Task statement -> Throughout the records below, find each line holding "Sportage" and copy it.

[Extracted records]
────────

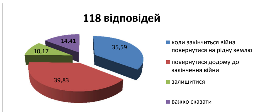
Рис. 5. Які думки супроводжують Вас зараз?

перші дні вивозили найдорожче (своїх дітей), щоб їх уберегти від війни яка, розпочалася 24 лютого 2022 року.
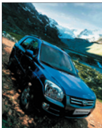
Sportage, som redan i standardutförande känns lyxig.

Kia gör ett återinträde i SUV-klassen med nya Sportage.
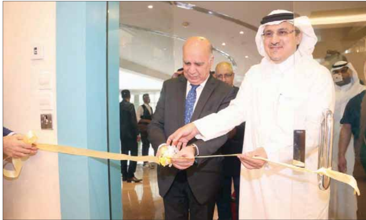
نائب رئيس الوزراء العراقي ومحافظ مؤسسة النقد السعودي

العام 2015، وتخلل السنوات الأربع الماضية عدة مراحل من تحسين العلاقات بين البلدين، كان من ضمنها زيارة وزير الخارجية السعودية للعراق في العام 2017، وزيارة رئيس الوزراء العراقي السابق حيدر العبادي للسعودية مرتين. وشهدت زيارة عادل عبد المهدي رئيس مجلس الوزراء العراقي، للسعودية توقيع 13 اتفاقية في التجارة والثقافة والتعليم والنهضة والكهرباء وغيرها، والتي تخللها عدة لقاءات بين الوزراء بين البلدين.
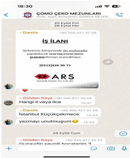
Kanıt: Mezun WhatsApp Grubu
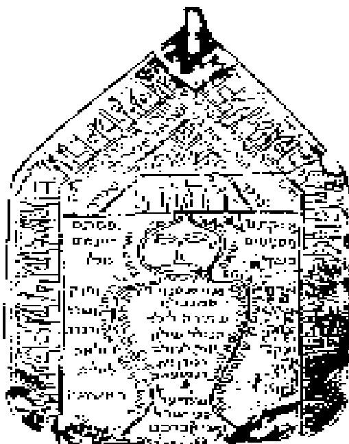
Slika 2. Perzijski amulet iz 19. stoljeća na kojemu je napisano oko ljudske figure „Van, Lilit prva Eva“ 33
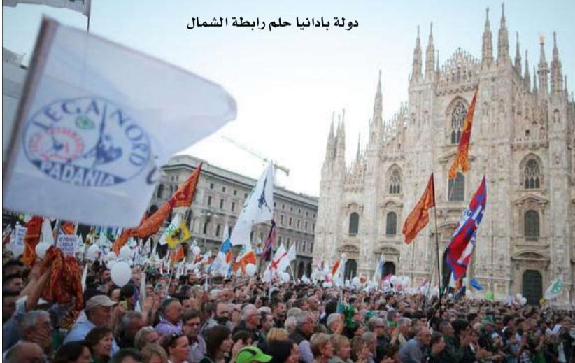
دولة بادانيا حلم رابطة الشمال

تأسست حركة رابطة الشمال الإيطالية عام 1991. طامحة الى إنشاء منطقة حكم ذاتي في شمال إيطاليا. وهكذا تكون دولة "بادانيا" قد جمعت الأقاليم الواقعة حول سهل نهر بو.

────────

Result for this task ->
Sportage, som redan i standardutförande känns lyxig.
Kia gör ett återinträde i SUV-klassen med nya Sportage.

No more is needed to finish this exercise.